02-01-2012, 09:02 AM
ABSTRACT
Shear failure is an important failure mode for pile caps, civil engineering structures in
reinforced concrete, often used as substructures for bridges. However, while relatively
thin slabs, such as flat slabs for office buildings, have been subjected to intense research
in the past, there is a lack of generic models for thicker structures today and building
codes are still based on less appropriate empirical or semi-empirical models. For this
reason, the design of pile caps for shear failures, and punching failure in particular,
often results in dense reinforced structures. A rational approach to shear failures in
three-dimensional structures is needed to provide a safe and efficient design of pile
caps.
In order to comprehend the complex cracking and failure process in pile caps, the
different shear transfer mechanisms of forces in structural concrete, as well as shear and
punching failures of flexural elements are described in this thesis.

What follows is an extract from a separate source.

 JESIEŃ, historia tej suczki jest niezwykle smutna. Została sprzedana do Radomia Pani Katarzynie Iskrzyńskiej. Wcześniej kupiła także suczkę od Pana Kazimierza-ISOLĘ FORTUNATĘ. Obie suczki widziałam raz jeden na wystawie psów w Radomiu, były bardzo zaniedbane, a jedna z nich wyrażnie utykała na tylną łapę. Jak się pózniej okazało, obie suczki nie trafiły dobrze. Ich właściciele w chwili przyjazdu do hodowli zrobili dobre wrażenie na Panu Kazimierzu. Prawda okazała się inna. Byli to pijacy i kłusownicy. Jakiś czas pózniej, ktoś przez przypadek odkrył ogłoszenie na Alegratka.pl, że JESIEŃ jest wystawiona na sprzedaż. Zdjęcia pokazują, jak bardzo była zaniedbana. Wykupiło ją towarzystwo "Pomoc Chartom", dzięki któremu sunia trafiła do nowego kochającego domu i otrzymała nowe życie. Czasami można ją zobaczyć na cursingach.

A review of the design procedures for shear and punching proposed by the Swedish
design handbook (BBK04), the European standard (Eurocode 2) and the American
building code (ACI 318-08) is conducted. The models of BBK and Eurocode are
applied to the analysis of four-pile caps without shear reinforcement. The comparison
with the experimental results indicates that the analysis with Eurocode predicts failure
loads more accurately than with BBK, however both standards result in significant
variations between similar cases, mainly because they accord too much importance to
some parameters, while neglecting others.

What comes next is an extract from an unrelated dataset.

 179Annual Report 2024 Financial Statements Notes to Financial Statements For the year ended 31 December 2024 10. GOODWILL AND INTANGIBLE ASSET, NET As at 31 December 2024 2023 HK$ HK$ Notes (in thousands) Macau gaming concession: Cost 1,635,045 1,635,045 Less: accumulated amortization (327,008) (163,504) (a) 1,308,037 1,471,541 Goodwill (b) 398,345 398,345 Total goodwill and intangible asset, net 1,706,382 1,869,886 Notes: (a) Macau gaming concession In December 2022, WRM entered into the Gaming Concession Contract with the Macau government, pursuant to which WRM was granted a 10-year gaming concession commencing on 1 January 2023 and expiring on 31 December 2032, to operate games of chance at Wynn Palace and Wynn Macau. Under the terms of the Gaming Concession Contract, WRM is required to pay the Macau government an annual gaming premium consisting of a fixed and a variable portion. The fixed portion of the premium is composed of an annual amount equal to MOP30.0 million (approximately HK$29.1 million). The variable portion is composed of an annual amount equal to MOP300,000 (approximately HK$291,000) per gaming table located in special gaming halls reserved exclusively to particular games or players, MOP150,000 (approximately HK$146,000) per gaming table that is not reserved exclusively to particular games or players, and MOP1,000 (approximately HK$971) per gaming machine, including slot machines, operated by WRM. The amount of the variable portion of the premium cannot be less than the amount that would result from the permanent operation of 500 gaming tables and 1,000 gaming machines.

In light of these facts, strut-and-tie models appear to represent a suitable alternative
method to enhance the design of pile caps. Strut-and-tie models have been developed
and used successfully in the last two decades, and present a rational and consistent
approach for the design of discontinuity regions in reinforced concrete structures.
Though, the guidelines for strut-and-tie modelling in the literature are mainly intended
to study structures in plane, and it is questionable to apply them in the case of pile caps,
structures with large proportions in the three dimensions. Adaptations seem required for
the geometry and the strength of the components.

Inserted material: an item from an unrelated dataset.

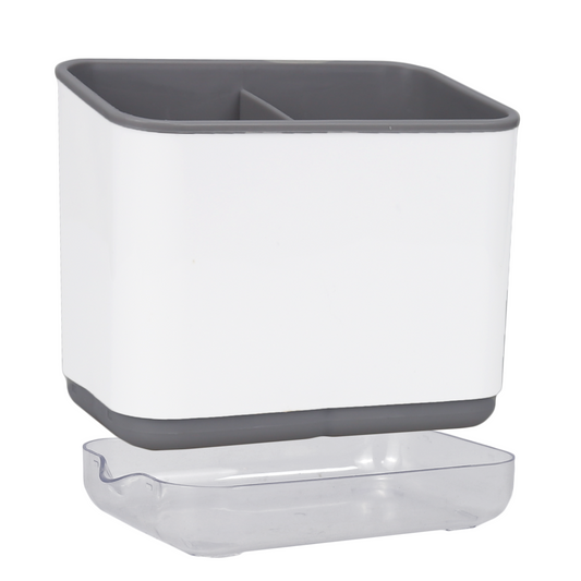 Sink Counter Caddy, Dish Sponge Holder, Kitchen Sink Sponge and Brush Holder, Plastic Dish Scrubber Organizer with Drain Tray, White

A strut-and-tie model adapted to the design and analysis of pile caps has been developed
in this project. The model is based on consistent three-dimensional nodal zone
geometry, which is suitable for all types of nodes. An iterative procedure is used to find
the optimal position of the members by refining nodal zones dimensions with respect to
II [/align]the strength of concrete under triaxial state of stress. Away from nodal regions, a
strength criterion is formulated for combined splitting and crushing of struts confined by
plain concrete. In addition, the specificities of shear transfer mechanisms in pile caps
are considered and a combination of truss action and direct arch action for loads applied
close to the supports is taken into account, hence reducing the required amount of shear
reinforcement.
The method developed is compared to the design codes predictions for the analysis of
four-pile caps. The results obtained by the strut-and-tie model are more reliable, both
for assessing the failure loads and the failure modes. The iterative procedure is
presented in some design examples and guidelines are given to apply the method to pile
caps with large number of piles.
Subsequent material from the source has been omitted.